## What this task involves
From the line containing "- Painless &" down to the last line of the listing, quote everything word for word, and nothing else, keeping pictures out.

======== Information shown ========

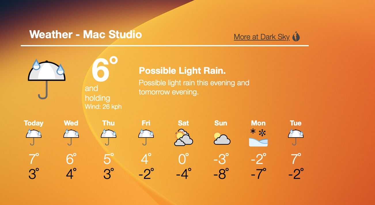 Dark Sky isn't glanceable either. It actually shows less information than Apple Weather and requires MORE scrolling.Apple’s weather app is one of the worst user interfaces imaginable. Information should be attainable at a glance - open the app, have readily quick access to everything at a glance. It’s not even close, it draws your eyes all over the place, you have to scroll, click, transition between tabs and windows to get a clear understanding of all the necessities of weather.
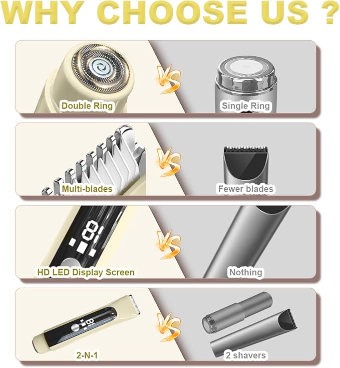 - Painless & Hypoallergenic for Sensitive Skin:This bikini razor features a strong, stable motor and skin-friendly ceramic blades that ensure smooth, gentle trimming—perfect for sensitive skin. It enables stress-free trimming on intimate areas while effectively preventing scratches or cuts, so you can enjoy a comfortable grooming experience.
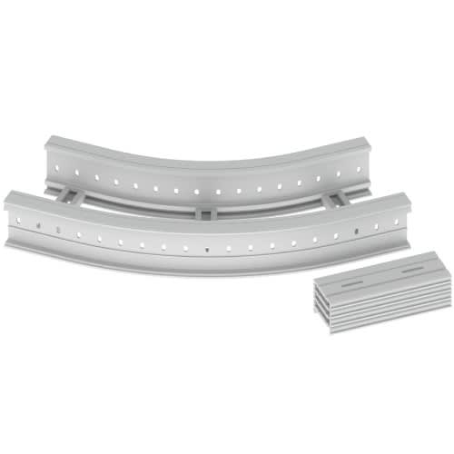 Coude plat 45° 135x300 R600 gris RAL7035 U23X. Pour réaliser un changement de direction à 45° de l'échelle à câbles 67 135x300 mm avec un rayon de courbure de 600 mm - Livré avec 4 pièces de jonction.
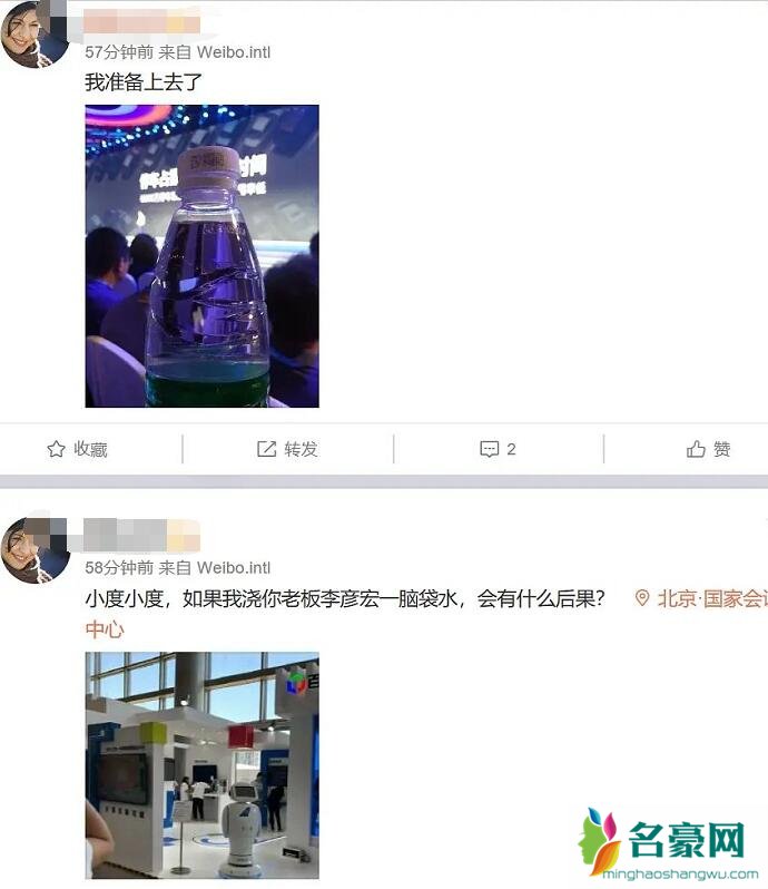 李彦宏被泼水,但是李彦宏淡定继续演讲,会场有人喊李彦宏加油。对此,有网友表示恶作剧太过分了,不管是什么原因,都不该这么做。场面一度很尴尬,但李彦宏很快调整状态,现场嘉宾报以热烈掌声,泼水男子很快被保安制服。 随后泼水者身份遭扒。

========

## Answer to this task
 - Painless & Hypoallergenic for Sensitive Skin:This bikini razor features a strong, stable motor and skin-friendly ceramic blades that ensure smooth, gentle trimming—perfect for sensitive skin. It enables stress-free trimming on intimate areas while effectively preventing scratches or cuts, so you can enjoy a comfortable grooming experience.
 Coude plat 45° 135x300 R600 gris RAL7035 U23X. Pour réaliser un changement de direction à 45° de l'échelle à câbles 67 135x300 mm avec un rayon de courbure de 600 mm - Livré avec 4 pièces de jonction.
 李彦宏被泼水,但是李彦宏淡定继续演讲,会场有人喊李彦宏加油。对此,有网友表示恶作剧太过分了,不管是什么原因,都不该这么做。场面一度很尴尬,但李彦宏很快调整状态,现场嘉宾报以热烈掌声,泼水男子很快被保安制服。 随后泼水者身份遭扒。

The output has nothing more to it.